McLaren team principal Andrea Stella has called on Formula 1 to delay planned power unit changes until 2028, arguing that power unit manufacturers need more lead time to implement hardware modifications that could solve fundamental performance issues plaguing the 2026 regulations.
Last week, the FIA confirmed adjustments to the 2027 season following difficulties with the 2026 power unit regulations. The original 50-50 split between internal combustion engine and electric power — designed to attract new manufacturers like Audi and GM — created an unintended consequence: when the 350kW battery capacity depletes, cars revert to ICE-only power, causing dramatic performance drops known as super-clipping.
Pre-Miami rule tweaks allowed teams to super-clip to charge batteries up to the full 350kW capacity, removing the previous 250kW limit. But Stella believes the sport can go further with deeper hardware changes — if given proper time to execute them.
Stella Proposes Battery and Fuel Flow Upgrades
“Hardware adjustments to the power units in order to improve F1 in general, I think, personally, are required,” Stella told media. “They realistically have to do with the fuel flow to increase the power from the internal combustion engine and harvesting more power than you deploy, because you are spending so much more time deploying electrical power rather than harvesting it.”
The McLaren boss outlined a specific technical path forward: increase harvesting capacity from the current 350kW to 400kW or even 450kW, creating a harvesting-deployment energy offset. This would require larger batteries. Simultaneously, increasing fuel flow from the ICE would boost overall power output and close the performance gap created when batteries run dry.
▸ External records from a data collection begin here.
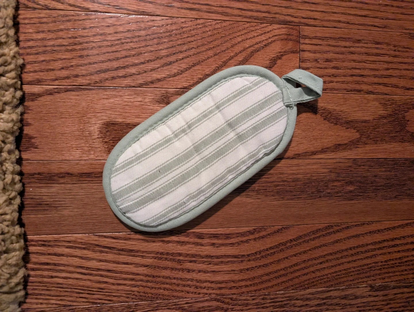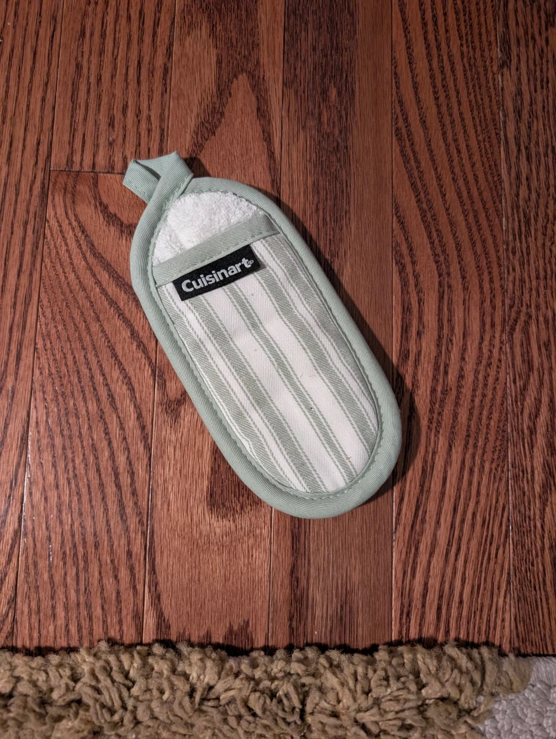 New unused Cuisinart handle for pot or pan. Green and white pattern. Slip on style. Loop hook for hanging. 100% cotton. Made in China.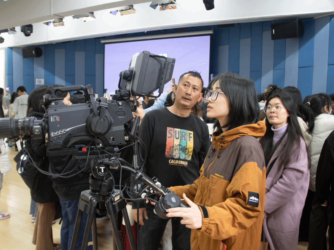 宣讲会期间,徐宏董事长全面地向同学们介绍了公司的基本情况、行业发展趋势、以及公司在直播领域的丰富案例等。徐宏董事长作为广州首批重资投入布局超高清设备的公司负责人,他强调了进入影视行业对于校企联合培养人才的迫切需求,指出行业呼唤具有前瞻性和复合能力的专业人才。他鼓励同学们:“要不断为自己的成长赋能,这样才能在进入职场时更加游刃有余。”宣讲会结束后,徐宏董事长耐心细致地为同学们答疑解惑,同学们纷纷表示受益匪浅。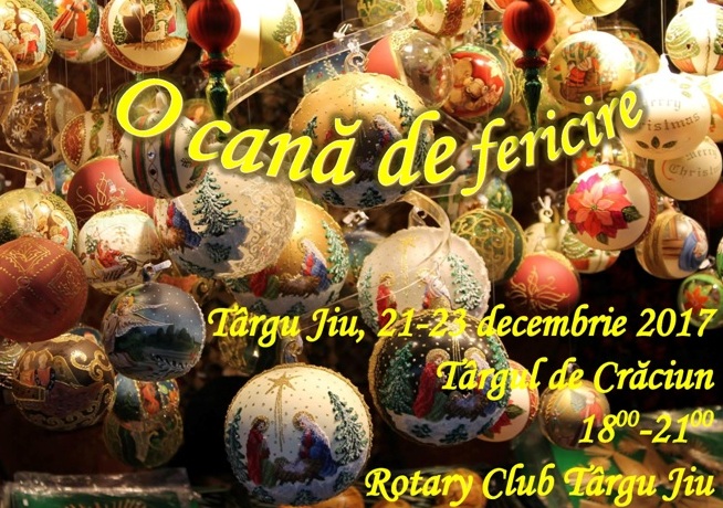Clubul Rotary Târgu Jiu organizează, pentru prima dată la Târgu Jiu, Proiectul „O cană de Fericire”. Proiectul se va desfășura în 21, 22 și 23 decembrie între orele 18:00 și 21:00 în cadrul Târgului de Crăciun din Centrul municipiului Târgu-Jiu.

The 2026 power units — featuring roughly 50% electric contribution compared to the 80-20 ICE-electric split in 2025 — were conceived to entice new entrants. Audi joins the grid in 2026, Honda returns as a works supplier, and Ford partners with Red Bull Powertrains. General Motors is developing a works unit for Cadillac from 2029, with the American team running Ferrari customer power until then.
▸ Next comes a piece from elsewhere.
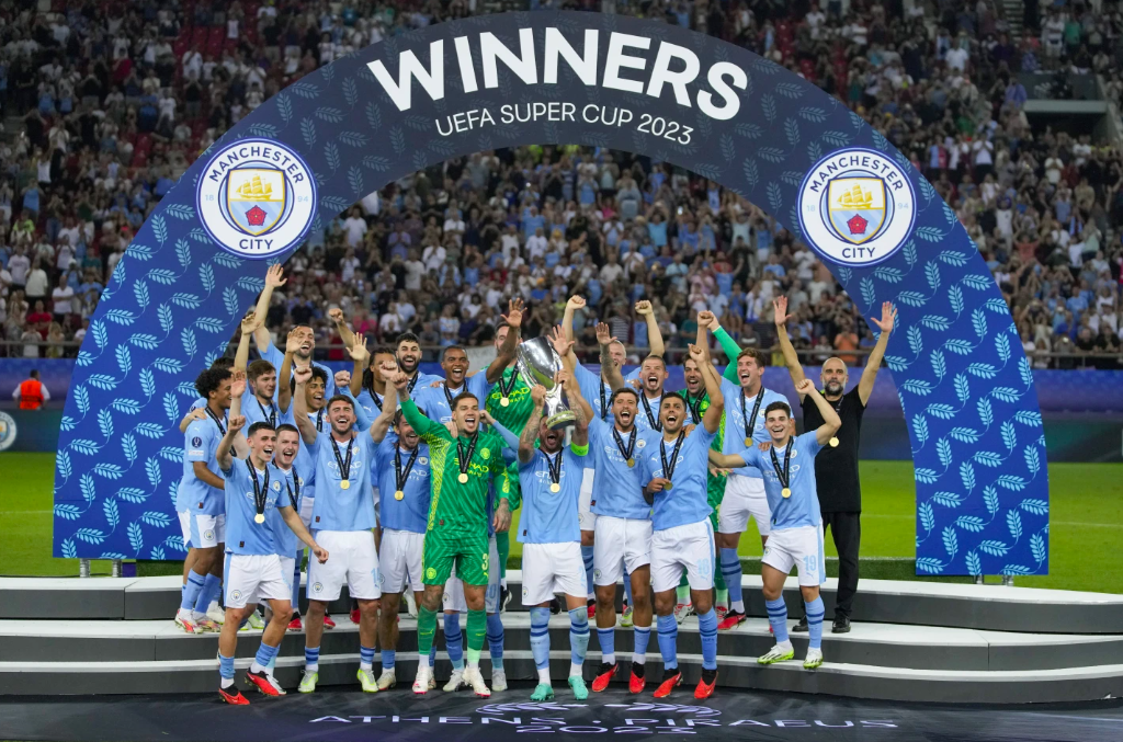 https://www.futbolmundial.com/ El Manchester City marcó su primera aparición en la Supercopa de la UEFA al vencer el miércoles 5-4 al Sevilla en la tanda de penaltis para sumar otra pieza de plata a su vasto botín bajo la dirección del técnico Pep Guardiola.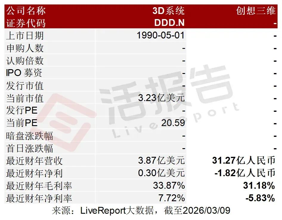 同行业IPO可比公司:3D系统(DDD.N)

2027 Timeline Too Tight for Hardware Changes
Stella emphasized that implementing battery size increases and higher fuel flow capacity cannot realistically happen for 2027 given current development timelines. Power unit manufacturers are already deep into their 2027 specifications, and the scale of hardware changes required — larger battery cells, revised fuel systems, updated cooling architecture — demands longer lead times than the months remaining before 2027 homologation deadlines.
“If I think about these requirements from a hardware point of view, and see things from the perspective of our power unit manufacturers, it is difficult for 2027 because the implication for the battery size and coping with higher fuel flow requires longer lead times than the time available to go into 2027,” Stella said.
The Italian believes a decision must come before the summer break to allow manufacturers sufficient runway for a 2028 introduction. “I would urge that this conversation needs to be finalised before the summer break to be in time to do it for 2028, and definitely I would hope that is is the case,” he continued.
Balancing Regulation Stability with Performance Fixes
Stella acknowledged that F1 has made progress extracting performance from the existing 2026 regulations through software optimisation and operational adjustments. But he sees untapped potential that software alone cannot unlock.
“Whilst we have done a good job as an F1 community of looking at constantly improving the exploitation of the engine with what is available, I think we can extract more out of these regulations, but this will need some hardware tweaks,” Stella said.
The McLaren principal’s comments add pressure on F1’s governance structure — the FIA, Formula One Management, and the power unit manufacturers — to commit to a technical roadmap before teams break for summer. With the first races of the 2026 season still months away, Stella is positioning for a future where the sport avoids locking itself into regulations that underdeliver on racing quality.
The next major technical working group meetings are expected in June, with the summer break beginning in early August following the Belgian Grand Prix on August 2, 2026.